Après une visite de la maison et un dîner en tête à tête, « nous allâmes ensemble dans le sous-sol, et elle ouvrit le grand frigidaire qui contenait les bobines de ses films. Elle m’en fit choisir deux, Mes nuits de Chine et le Grand Saba ». Mais chez Hervé l’admiration laisse invinciblement place à la panique, à l’effroi face au naufrage de la vieillesse. « Cette femme qui a dû être “la plus belle du monde” n’est plus qu’une ombre effrayante. »

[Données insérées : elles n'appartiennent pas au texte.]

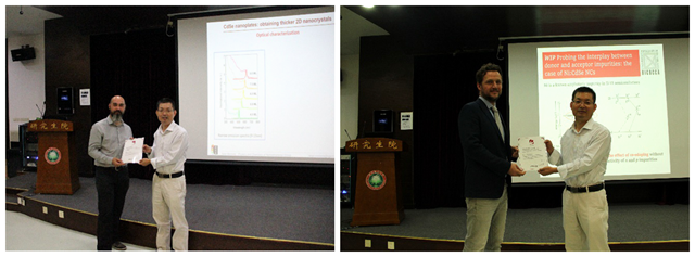 编辑:邵泽 审核:马壮 阅读次数:在国家外专局短期引智项目的支持下,受材料学院结构可控先进功能材料与绿色应用北京重点实验室主任张加涛教授、李红博教授邀请,国际半导体纳米晶/量子点研究专家米兰比科卡大学Sergio Brovelli教授和比利时根特大学Iwan Moreels 教授于9月22日至28日访问北理工。9月26日上午,在中关村校区研究生楼101报告厅分别作了题为“Colloidal synthesis of fluorescent 2D nanocrystals across the visible and near-infrared range”和“Advances in electronic doping of solution-grown semiconductor nanocrystals towards cutting-edge application”的“百家大讲堂”学术报告。张加涛教授代表北理工向两位教授颁发了北理工“百家大讲堂”纪念证书。材料学院钟海政教授、陈棋教授,上海交通大学李良教授,澳大利亚科庭大学夹国华教授,以及材料学院、化学学院其他青年教师和学生聆听了此次报告。

Après l’amour et l’affection, on passe aux gestes du crime et aux envies de meurtre. Le tête-à-tête au champagne tourne au film d’horreur. La séparation évite le massacre, et les retrouvailles à New York n’en sont que plus émouvantes. Assaillie par ses admirateurs, la star doit son salut aux « flics »… Hervé écrit : « Un instant merveilleux venait de se passer : être à New York, la nuit, dans une voiture de police, avec cette femme presque divine à mes côtés. » Rêve ou réalité, personne n’a envie de le savoir. Beaucoup de témoins nous ont rapporté l’admiration de Gina Lollobrigida pour Hervé. Même le meilleur des paparazzi n’y a rien compris ! Il ne nous reste qu’un indice : la dernière phrase de la nouvelle écrite par Hervé : «Elle me dit : “dans cette impossibilité d’amour, il y aura quand même eu un peu d’amour”… « 

François Buot, « Hervé Guibert », Grasset, 1999.